### Work item
Transcribe the records below exactly, leaving out any pictures.

### Provided records

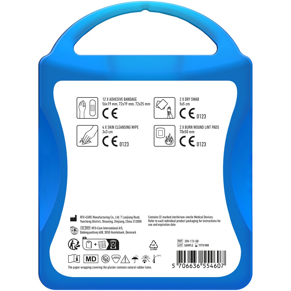 Erste-Hilfe Set für Reisende. Mit diesem Set sind Sie vorbereitet um Verletzungen während Ihrer Reise zu behandeln. Inhalt: 12 wasserfeste Pflaster, 4 hautreinigende Tupfer, 2 Trockentupfer, 2 Mullbinden für Brandwunden. Alle im Set enthaltenen Erste-Hilfe- und Pflegeprodukte erfüllen alle geltenden EU-Vorschriften. Preis inkl. vollfarbigem Druck.
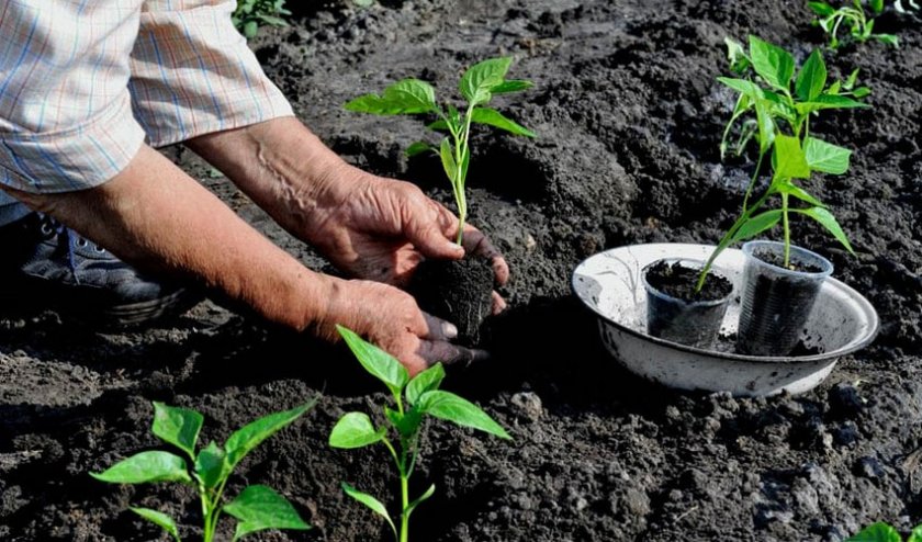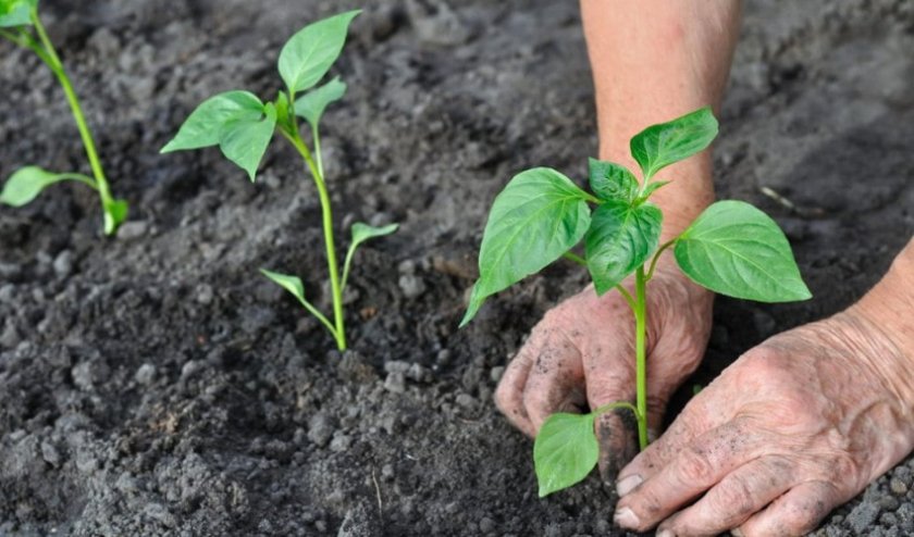 Ряды перца должны находиться на расстоянии не менее 50 см друг от друга. Ширина лунок и расстояние между ними — 8 см и 40 см соответственно. Выкапывая лунки, нужно учитывать размер корневища, а при высаживании следить за тем, чтобы шейка находилась на уровне земли. Рекомендуется добавить немного фосфора, азота и калия в каждую лунку.
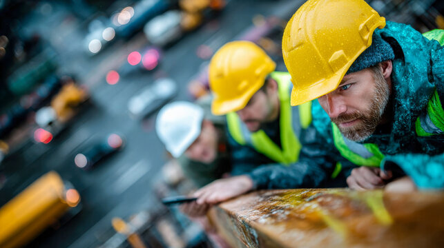 Engineers collaborating on construction project
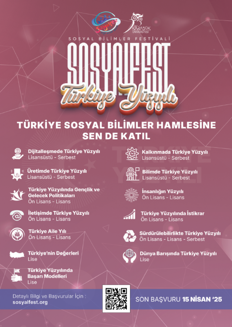 Türkiye'nin ve dünyanın hem günümüz hem de gelecekteki ihtiyaçlarını karşılayacak sosyal modeller üreterek insanların barış ve huzur içerisinde yaşayabileceği bir toplumun inşasına öncülük etmek amacıyla Sosyalfest 2025 gerçekleştirilecektir. Sosyalfest 2025'in Türkiye Yüzyılı, Türk Dünyası, İlahiyat ve Sağlıkfest Özel Kategorisi olmak üzere dört kategori altında şekillenen model tasarım yarışmalarına başvurular 10 Ocak 2025 tarihi itibariyle başlamıştır. Sosyalfest 2025 model tasarım yarışmalarına ait tanıtım görselleri ekte yer almaktadır.
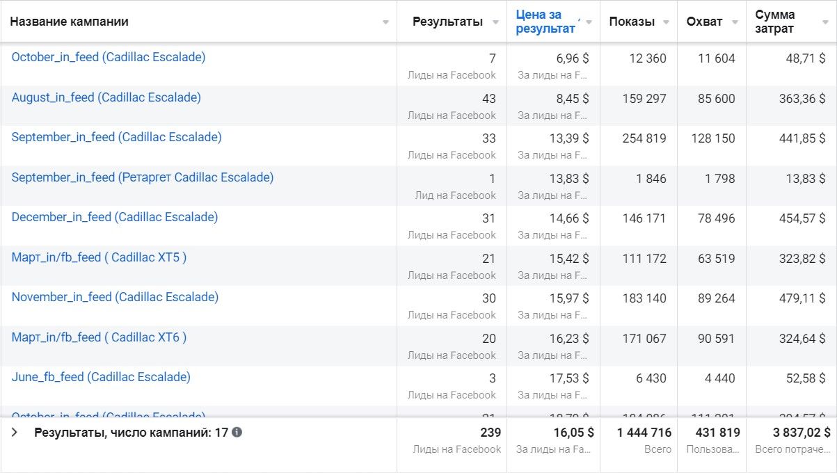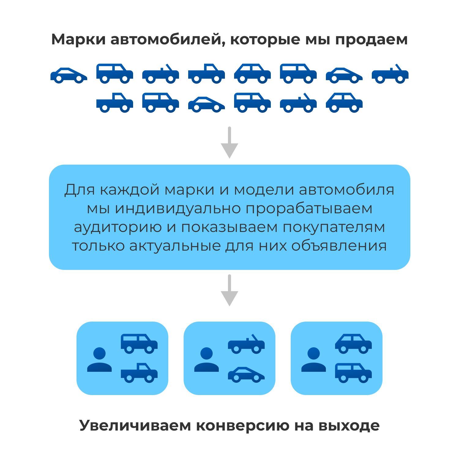 Для каждой марки и модели прорабатываем аудиторию и рекламные объявления.
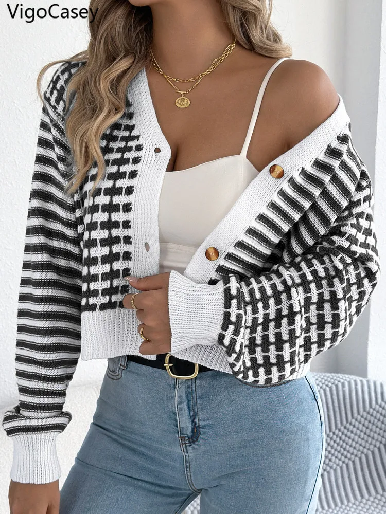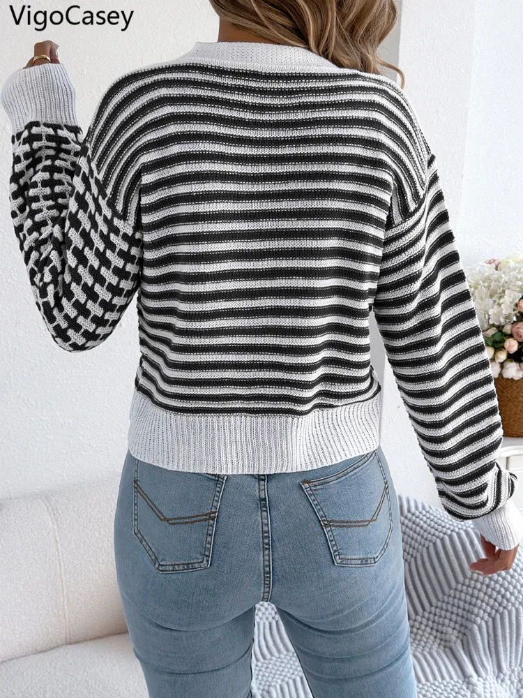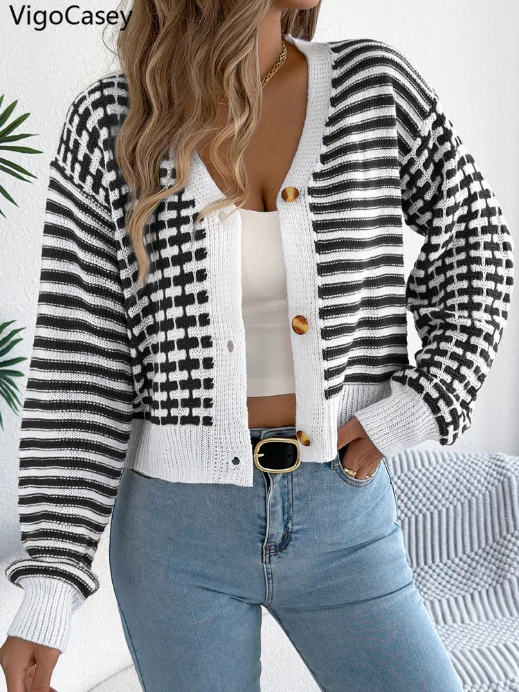 men’s Stripe Long Sleeve Knit Cardigan Autumn Sweater Coat
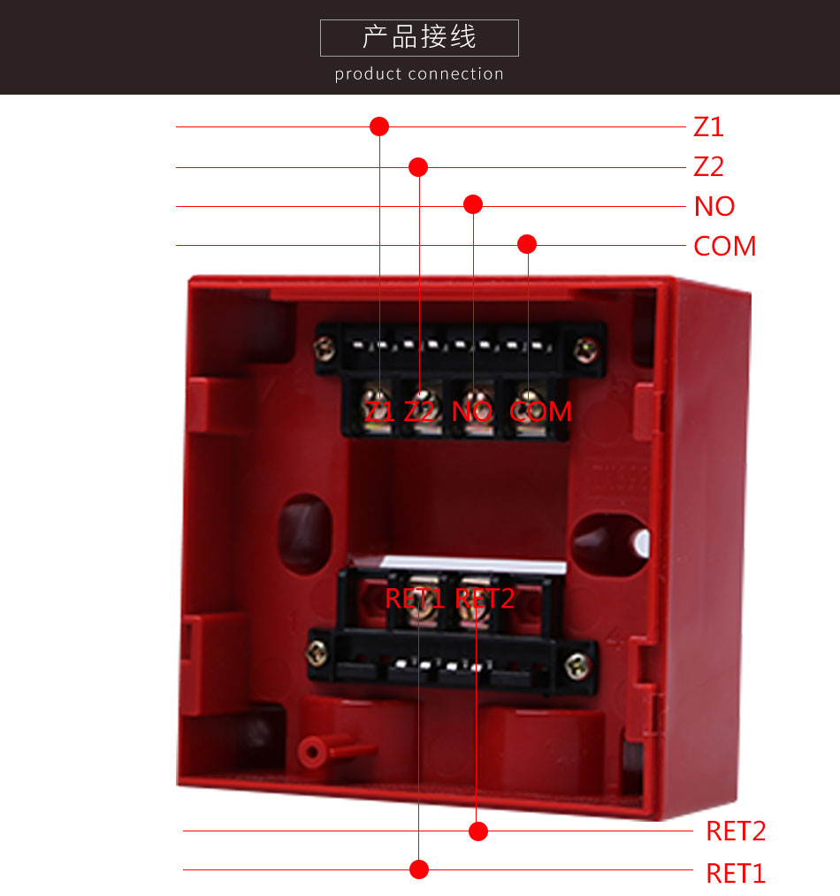 ●按下消火栓按片,可由消火栓提供獨立輸出觸點,可直接控制其它外部設備
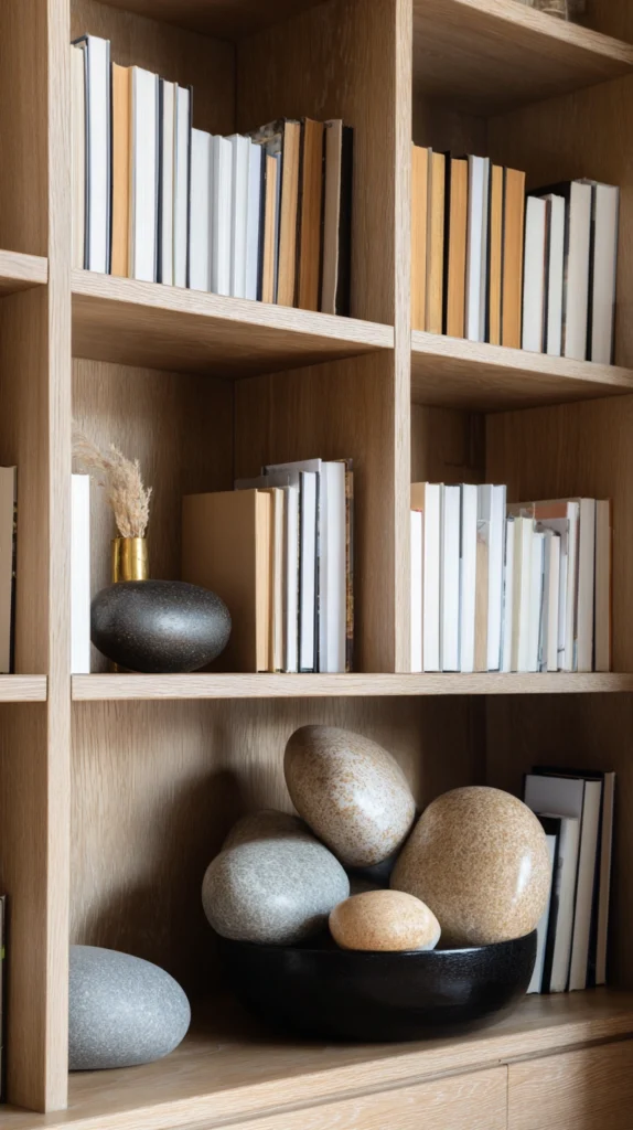 Incorporate small pebble-filled vessels on bookshelves adding textural variety and natural elements among books and decorative objects creating more dynamic visually interesting shelf styling. Use small bowls, decorative boxes, or simple glass containers filled with attractive stones positioned throughout shelving breaking up linear book spines and providing organic textural contrast.
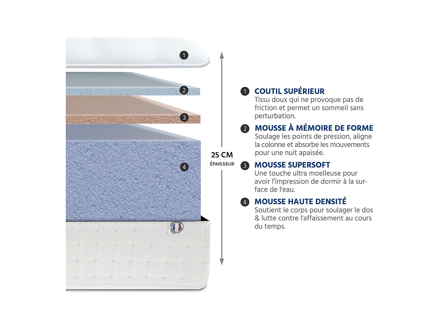OLYMPE LITERIE | Matelas APOLLON 140x190 cm | Mousse avec mémoire de forme
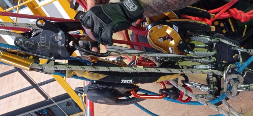 En mi forma de trabajar, la redundancia también se construye desde el equipo. El jefe de equipo pide una primera verificación completa de la maniobra: conexiones, orientación de los mosquetones, cierres, compatibilidad de dispositivos y coherencia general del sistema. Después, se promueve una «segunda verificación» colectiva con el sistema cargado , donde los propios técnicos revisan visual y táctilmente el sistema antes de empezar la maniobra. SI, dos chequeos de seguridad.
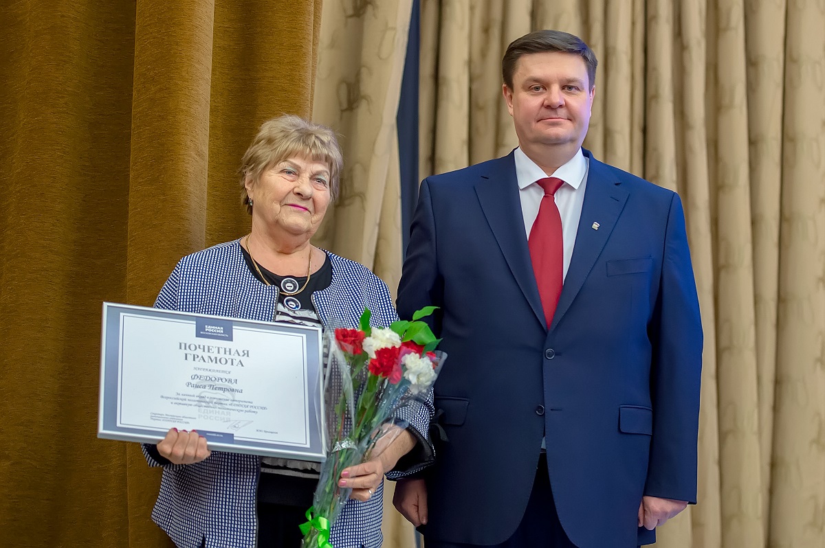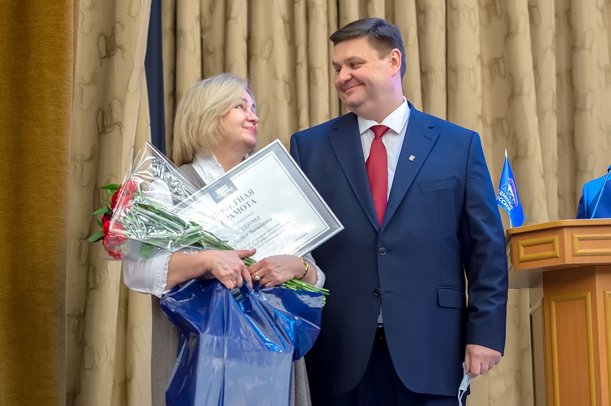 «По традиции в начале конференции вручили партийные билеты недавно вступившим в партию и вручили награды за многолетнюю плодотворную работу нашим старших товарищам.
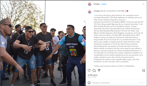 Publicación de @la13pba, cuenta de Instagram de la Agrupación Peronista 13 de Abril, de Guernica.

### Output for this task
 Erste-Hilfe Set für Reisende. Mit diesem Set sind Sie vorbereitet um Verletzungen während Ihrer Reise zu behandeln. Inhalt: 12 wasserfeste Pflaster, 4 hautreinigende Tupfer, 2 Trockentupfer, 2 Mullbinden für Brandwunden. Alle im Set enthaltenen Erste-Hilfe- und Pflegeprodukte erfüllen alle geltenden EU-Vorschriften. Preis inkl. vollfarbigem Druck.
 Ряды перца должны находиться на расстоянии не менее 50 см друг от друга. Ширина лунок и расстояние между ними — 8 см и 40 см соответственно. Выкапывая лунки, нужно учитывать размер корневища, а при высаживании следить за тем, чтобы шейка находилась на уровне земли. Рекомендуется добавить немного фосфора, азота и калия в каждую лунку.
 Engineers collaborating on construction project
 Türkiye'nin ve dünyanın hem günümüz hem de gelecekteki ihtiyaçlarını karşılayacak sosyal modeller üreterek insanların barış ve huzur içerisinde yaşayabileceği bir toplumun inşasına öncülük etmek amacıyla Sosyalfest 2025 gerçekleştirilecektir. Sosyalfest 2025'in Türkiye Yüzyılı, Türk Dünyası, İlahiyat ve Sağlıkfest Özel Kategorisi olmak üzere dört kategori altında şekillenen model tasarım yarışmalarına başvurular 10 Ocak 2025 tarihi itibariyle başlamıştır. Sosyalfest 2025 model tasarım yarışmalarına ait tanıtım görselleri ekte yer almaktadır.
 Для каждой марки и модели прорабатываем аудиторию и рекламные объявления.
 men’s Stripe Long Sleeve Knit Cardigan Autumn Sweater Coat
 ●按下消火栓按片,可由消火栓提供獨立輸出觸點,可直接控制其它外部設備
 Incorporate small pebble-filled vessels on bookshelves adding textural variety and natural elements among books and decorative objects creating more dynamic visually interesting shelf styling. Use small bowls, decorative boxes, or simple glass containers filled with attractive stones positioned throughout shelving breaking up linear book spines and providing organic textural contrast.
OLYMPE LITERIE | Matelas APOLLON 140x190 cm | Mousse avec mémoire de forme
 En mi forma de trabajar, la redundancia también se construye desde el equipo. El jefe de equipo pide una primera verificación completa de la maniobra: conexiones, orientación de los mosquetones, cierres, compatibilidad de dispositivos y coherencia general del sistema. Después, se promueve una «segunda verificación» colectiva con el sistema cargado , donde los propios técnicos revisan visual y táctilmente el sistema antes de empezar la maniobra. SI, dos chequeos de seguridad.
 «По традиции в начале конференции вручили партийные билеты недавно вступившим в партию и вручили награды за многолетнюю плодотворную работу нашим старших товарищам.
 Publicación de @la13pba, cuenta de Instagram de la Agrupación Peronista 13 de Abril, de Guernica.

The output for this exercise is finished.